District  9 est un des films les plus originaux de ces dernières années (2009) ; réalisé par Neill Blomkamp et produit par Peter Jackson (réalisateur du Seigneur des Anneaux). Le film nous propose une histoire de contact entre l’humanité et une civilisation extra-terrestre, d’une manière jamais vue sur un écran de cinéma. Que ce soit dans le traitement et la réalisation du film, dans son scénario ou dans la manière dont il aborde son sujet, District 9 est vraiment une pièce rare dans le cinéma à gros budget d’aujourd’hui.

Le pitch est aussi simple qu’inattendu, puisqu’il place l’action en Afrique du Sud à proximité de la ville de Johannesburg. Là ou, vingt ans avant l’action du film, s’est immobilisé un immense vaisseau spatial de technologie alien. Ses occupants sont d’une race humanoïde surnommée « mollusques » par les humains. Afin d’éviter qu’ils ne se répandent sur terre, le gouvernement sud-Africain charge la MNU (Multi National United) de parquer les non-humains dans un ghetto, le District 9. Dès lors, les années s’écoulent et on constate que le vaisseau sera incapable de rentrer sur sa planète d’origine. La présence du camp prévu pour être provisoire s’éternise et de nombreux problèmes de violence et de trafics en tous genre y apparaissent.

Le film commence en étant tourné exactement à la manière d’un reportage avec de nombreux interviews, des images d’archives et des témoignages de la population sur les évènements relatifs à l’arrivée des extra-terrestres. De façon très réalistes, ont constate que les incompréhensions et les préjugés entre les peuples sont très nombreux, et l’attitude des humains vis à vis de leurs « hôtes » n’est pas sans rappeler les pires heures de la ségrégation dans ce pays, et dans d’autres. Ce réalisme se retrouve dans la mise en scène des extra-terrestres eux-mêmes, qui ne sont pas dotés de super-pouvoirs et qui apparaissent clairement en position de faiblesse face aux moyens développés pour les contenir par la MNU.

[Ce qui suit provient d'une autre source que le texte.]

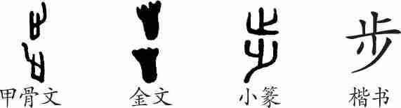 “步”是会意字。甲骨文像左右脚向前走动的样子。金文的形体与甲骨文相似。小篆线条化、整齐化。隶变后楷书写作“步”。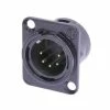 4 pole cable connector, female. Black metal housing and gold contacts.

Le personnage principal du film, Wikus van de Merwe, est le contraire absolu d’un héros. Décrit comme assez peu dégourdi, on comprend qu’il a obtenu son poste à hautes responsabilités dans la MNU grâce au piston de son beau-père. De fil en aiguilles, le personnage sera obligé de se retourner contre son camp et d’aider les mollusques à quitter la planète. Toutefois, son action reste de long en long motivée par son cas personnel, et pas par un altruisme désintéressé et peu crédible. Wikus est tellement humain (et tellement navrant par moments), que l’on ne peut pas ne pas s’y identifier un minimum. Jamais, dans quelque film que ce soit, je ne me suis senti aussi mal en m’identifiant à la situation du personnage principal.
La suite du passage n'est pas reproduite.